Aus der allerersten Reihe wurde sie verdrängt, nun hat die Grünen-Politikerin ihre Rolle gefunden. Während andere zanken, schmiedet sie eifrig ihren Russland-Plan.

Die wahre Mission der Annalena Baerbock offenbart sich in einem Keller, gut 3.000 Kilometer von Berlin und vom großen Schlamassel der Bundesregierung entfernt. Vor einer blauen Wand und einer deutschen Fahne steht die Außenministerin und schaut ihrem Gastgeber in die Augen.

Er heißt Nasser Bourita und ist ihr marokkanischer Amtskollege. Baerbock ist auf offizieller Mission, die ramponierten Beziehungen zu Marokko wiederzubeleben. Diplomatisch kein ganz unwichtiger Vorgang, und doch keiner, der die ganz großen Schlagzeilen hervorbringt.
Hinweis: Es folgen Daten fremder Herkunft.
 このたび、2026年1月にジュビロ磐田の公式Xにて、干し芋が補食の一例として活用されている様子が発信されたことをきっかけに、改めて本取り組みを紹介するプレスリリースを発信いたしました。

Interessanter für eine breite Öffentlichkeit ist hingegen Baerbocks inoffizielle Mission, deren Umriss im Keller des Außenministeriums in Rabat am vergangenen Donnerstag nicht zu übersehen ist. Sie lautet, auf ein Wort eingedampft: Russland.
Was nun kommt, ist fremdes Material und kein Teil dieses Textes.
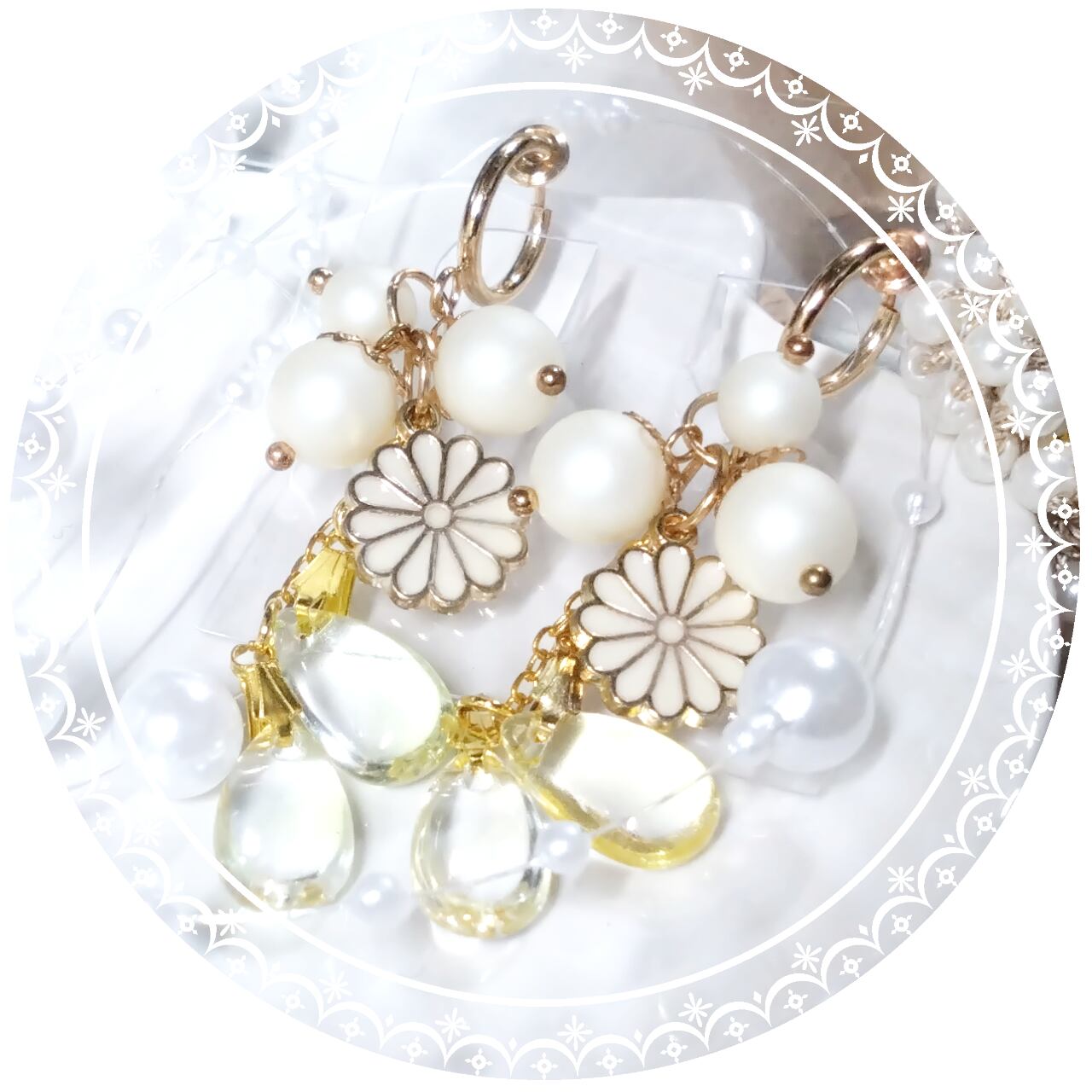 【イヤリング】白菊

Wenn es bei dem kurzen Auftritt um die wichtigsten Themen vor Ort geht, den Status der Westsahara etwa, die Energiepartnerschaft oder um den Konfliktherd Mali, landet Baerbock oft nach wenigen Sätzen bei Russland. Hinsichtlich des Bundeswehreinsatzes in Mali verurteilt Baerbock umgehend die dortigen "russischen Destablisierungsversuche". Sie schaut ihren Amtskollegen eindringlich an, bis der nickt. Dann sagt sie: "Wir dürfen Mali nicht alleinlassen und vor allem nicht Russland überlassen."

Baerbocks neue Rolle

Annalena Baerbock hat ihre Berufung gefunden. Während die Koalition in Berlin unter dem Eindruck von Ukraine-Krieg, Rekordinflation und Energiekrise ächzt, einige in der Ampel über die Koalitionspartner öffentlich herfallen und der Frust über die wichtigsten Vertreter der Bundesregierung wächst, steht die Grünen-Politikerin auf festem Grund.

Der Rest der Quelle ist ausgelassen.